We will leave many more kind words and good unwritten, and give a parting glance at the faded picture of good Queen Bess, still hanging on the old gallery wall. Once a year aged fingers wreathe childhood's flowers, leaves of oak and sunny buds, to twine around their queenly memorial.

Shall we knock at an old man's home? It is hard to find so many pious mankind, but maybe it is they talk less. But our friend Tom not only talks, but lives, the life all do, to whom "to die will be gain." He is a quaint old man; it is a wonder his tidy wife does not look after his hair,—such long, straying locks; very proud must she have been of them in his young days. The room is hung round with inky-looking old plates of ancient divines, down to the bright-coloured portrait of our own dear little Princess Royal. Every shelf and corner is stuffed with curious glasses, china cups, chalky parrots, little Samuels, and odd and-end curiosities. Thomas is by his pleasant fireside, and the round table has the green-baize covered Bible on it,—a well-turned-over Bible, with divers markers of faded ribbons and twists of paper, marking some well-conned passages.

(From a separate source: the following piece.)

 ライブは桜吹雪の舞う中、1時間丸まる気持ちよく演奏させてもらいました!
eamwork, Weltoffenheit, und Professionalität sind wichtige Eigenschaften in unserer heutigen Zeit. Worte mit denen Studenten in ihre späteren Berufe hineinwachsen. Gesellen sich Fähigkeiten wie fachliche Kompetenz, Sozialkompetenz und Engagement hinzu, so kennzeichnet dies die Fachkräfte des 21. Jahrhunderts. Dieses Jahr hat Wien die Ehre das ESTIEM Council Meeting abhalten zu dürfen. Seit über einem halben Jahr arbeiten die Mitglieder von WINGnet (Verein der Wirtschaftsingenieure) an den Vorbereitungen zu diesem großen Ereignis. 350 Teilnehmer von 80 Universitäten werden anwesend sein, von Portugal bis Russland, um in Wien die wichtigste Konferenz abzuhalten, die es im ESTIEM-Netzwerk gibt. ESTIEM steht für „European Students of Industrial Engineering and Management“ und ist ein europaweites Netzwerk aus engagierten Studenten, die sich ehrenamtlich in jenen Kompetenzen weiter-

I shall begin our talk, for his heart is full of One; and he can "speak of the things touching the King."

"I like some one to call, to whom I can speak out my mind. It's my Redeemer I like to speak of—He is my delight. I am here for hours by myself, but He is my best company-keeper. I have His Word too—'my song in this house of my pilgrimage.' "

Visitor—"Oh, T., how different it is to hear you speak of the Bible, and as they do in poor Ireland!"

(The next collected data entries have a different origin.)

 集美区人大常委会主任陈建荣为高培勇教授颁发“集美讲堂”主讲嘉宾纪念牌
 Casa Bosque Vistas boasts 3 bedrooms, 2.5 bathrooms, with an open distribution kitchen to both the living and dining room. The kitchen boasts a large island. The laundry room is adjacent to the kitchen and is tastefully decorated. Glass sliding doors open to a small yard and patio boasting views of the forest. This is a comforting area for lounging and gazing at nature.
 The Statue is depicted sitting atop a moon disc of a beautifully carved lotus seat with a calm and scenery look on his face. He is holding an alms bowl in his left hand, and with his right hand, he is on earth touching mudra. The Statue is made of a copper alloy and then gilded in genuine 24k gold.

"Ay, Miss, I always heard it was a queer country, but I believe it's those priests at the bottom of it all, and they are blind, and so lead them backward instead of forward."

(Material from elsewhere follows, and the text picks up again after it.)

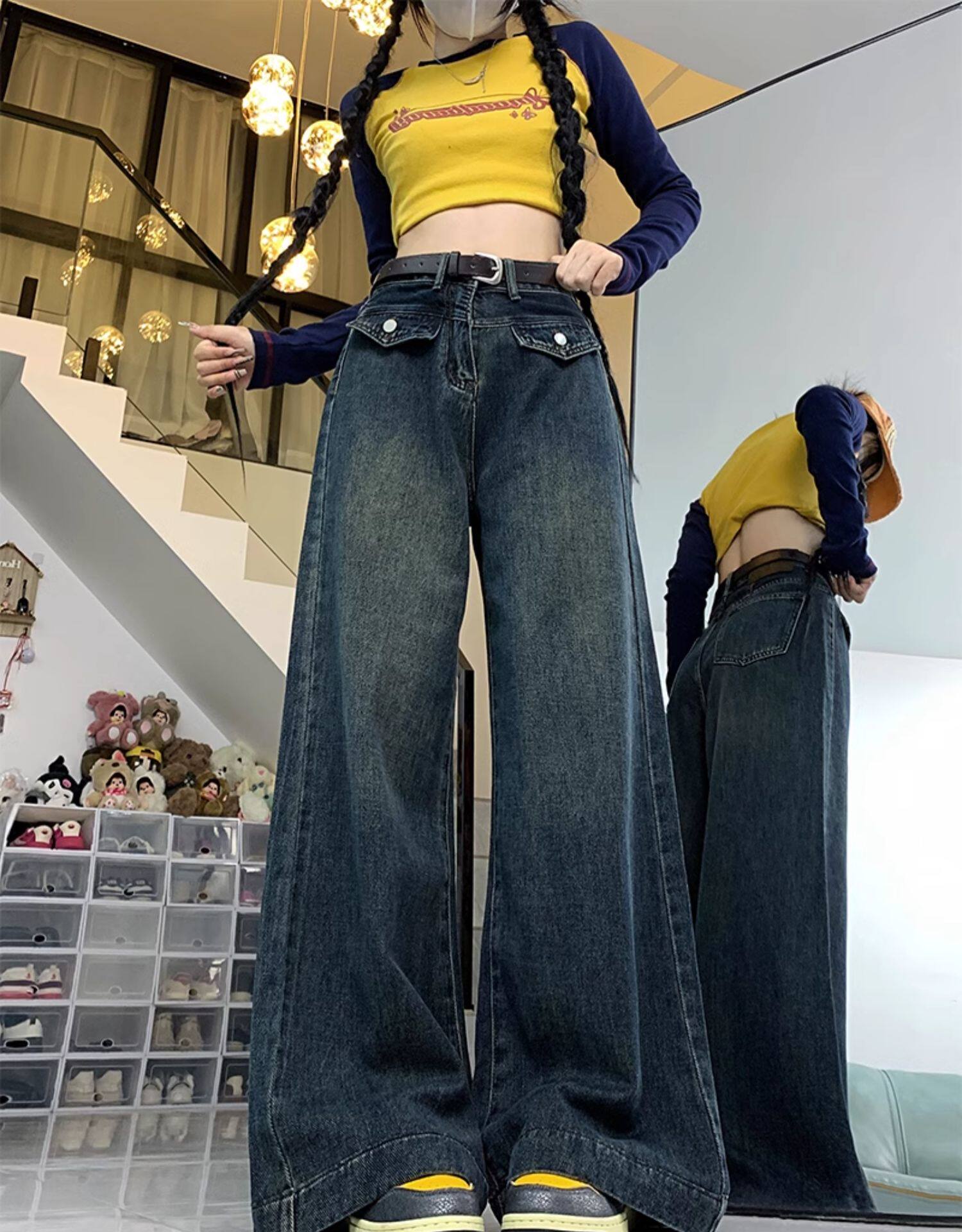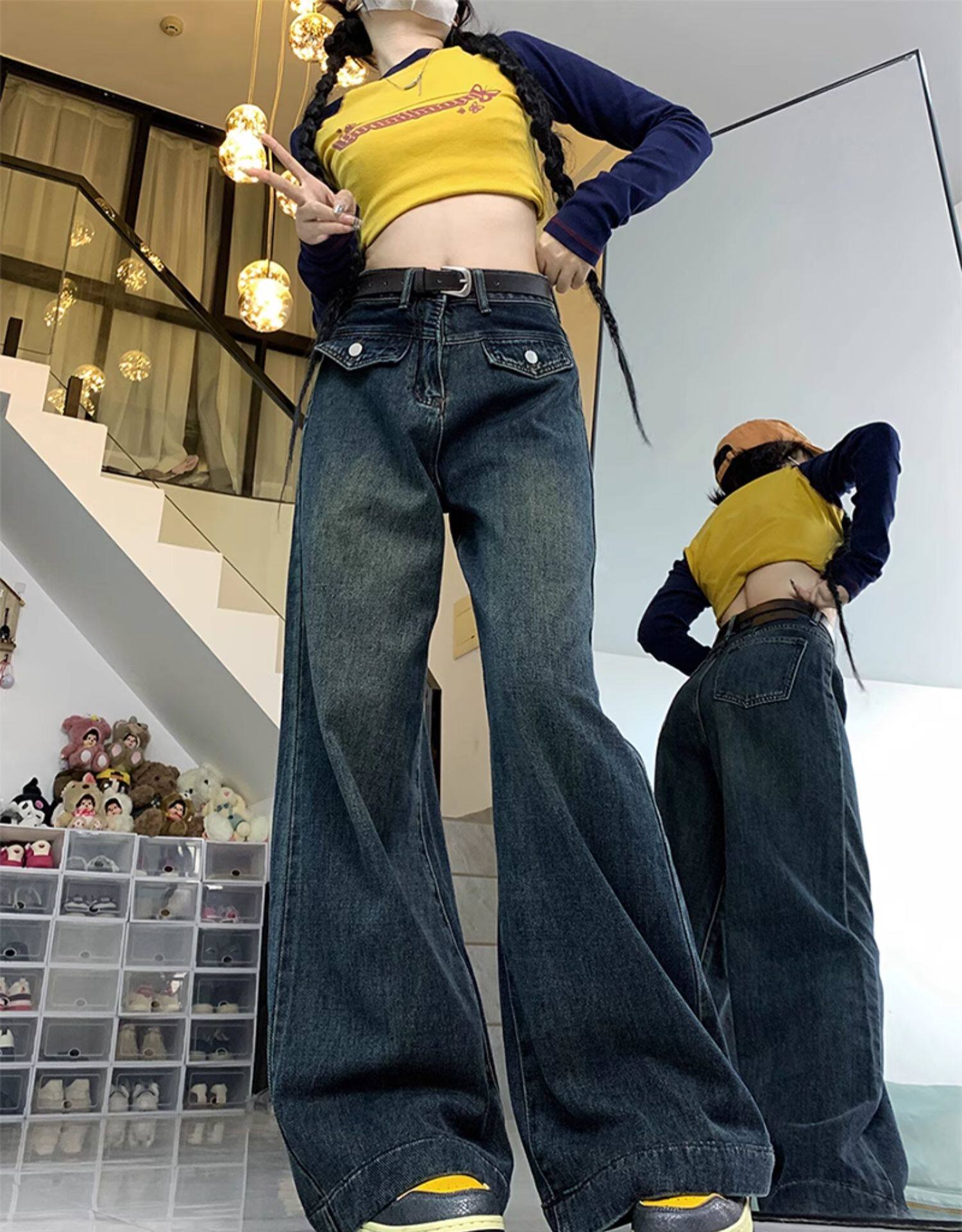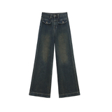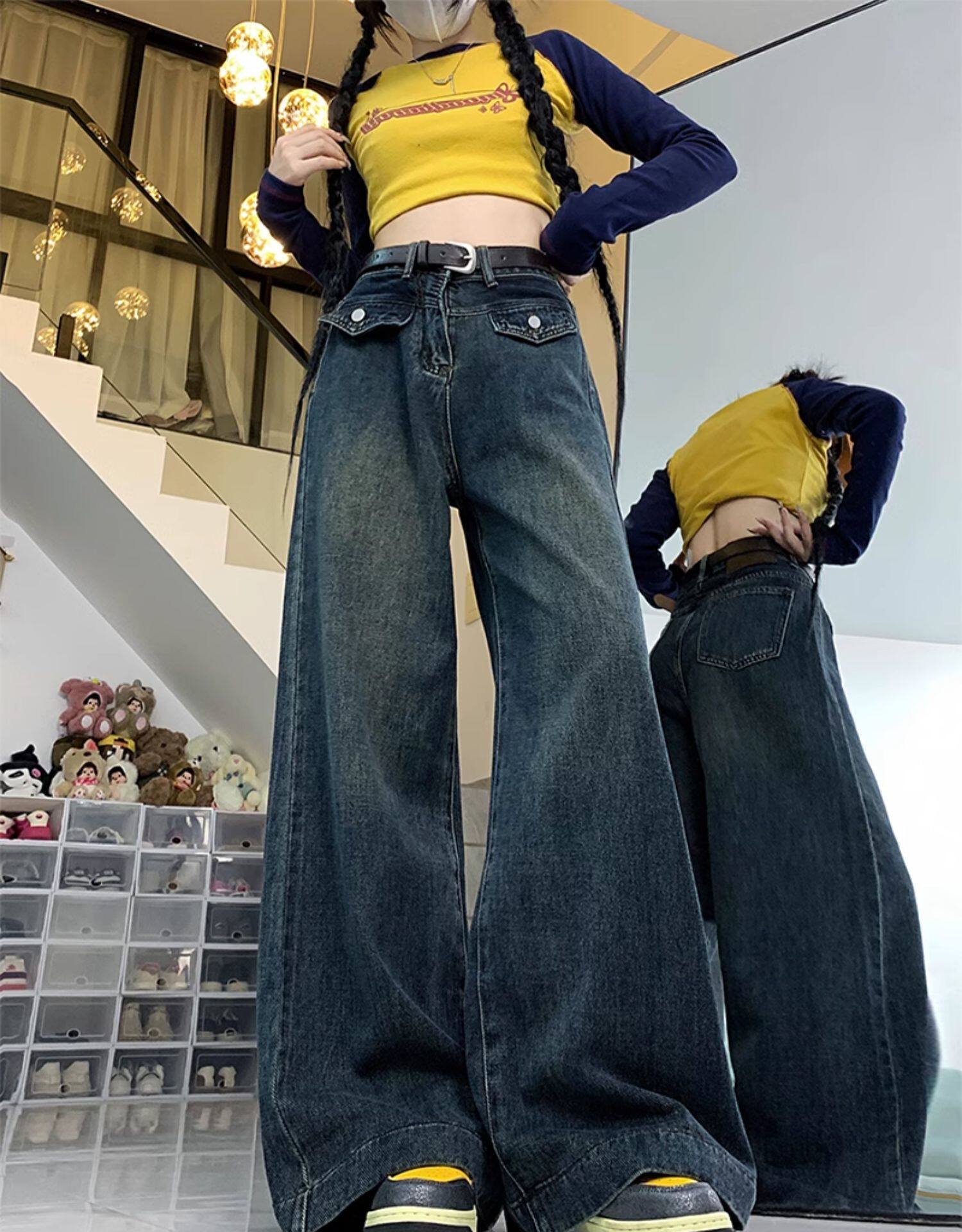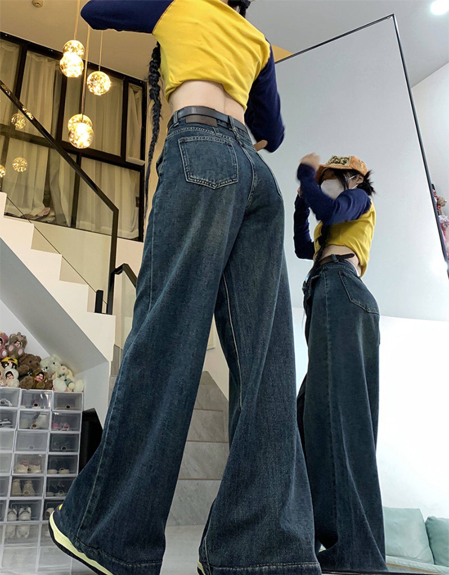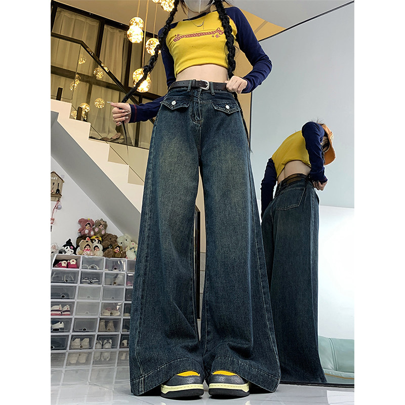 Джинсы, летние штаны, размер, в американском стиле, высокая талия, свободный прямой крой

Visitor—"It is just so, Thomas, and I will tell you what old Mick the basket-maker said about the Bible, &c., &c.—'A dead letter!'"

"Did a man dare to say the Bible was a dead letter? Why, it's my life—it's a letter of life to me. Why, it's Him himself—isn't Jesus in the Word? I know I found Him in it, and that's the life in my dead heart. Well now, poor man, I am sure I will pray for old Mick. I argues pretty stiff with a Roman Catholic myself, sometimes, about that Virgin. I would not like to trust my prayers to the ears of a dead woman. Poor enough my prayers are anyway, and how can she be here and everywhere to hear us all at once? Well, I never could come over that!"

If not wearied with these passing calls, reader, you may perchance like to hear again of these our morning friends. Shall we pay them a more lengthened call, and gather their simple histories, and hear of all the way in which the Lord has led them through the wilderness?

Fair reader! will you, too, try some gloomy, shivering morning to take sunshine to some lone, dark room? Just close your pleasant book, just leave that intricate strain of Beethoven's, that difficult cadence for your voice, for which doubtless you will earn the world's cold "Thank you," in the evening's brilliant gathering. Go, listen to the music of some widow's heart which may sing for joy to find in yon a friend to care for her, to listen to her pent-up tale of sadness ! Go, read the words of Him who ''careth for the poor and needy," and pour their healing balm into that wounded heart! Do you still shrink from following the steps of Him who went about doing good? Oh, see well if yet the love of God has entered' into your own heart—or is it self you live for? Take heed lest to you may be said those last, startling words of endless reproach, ''I was sick, and ye visited me not."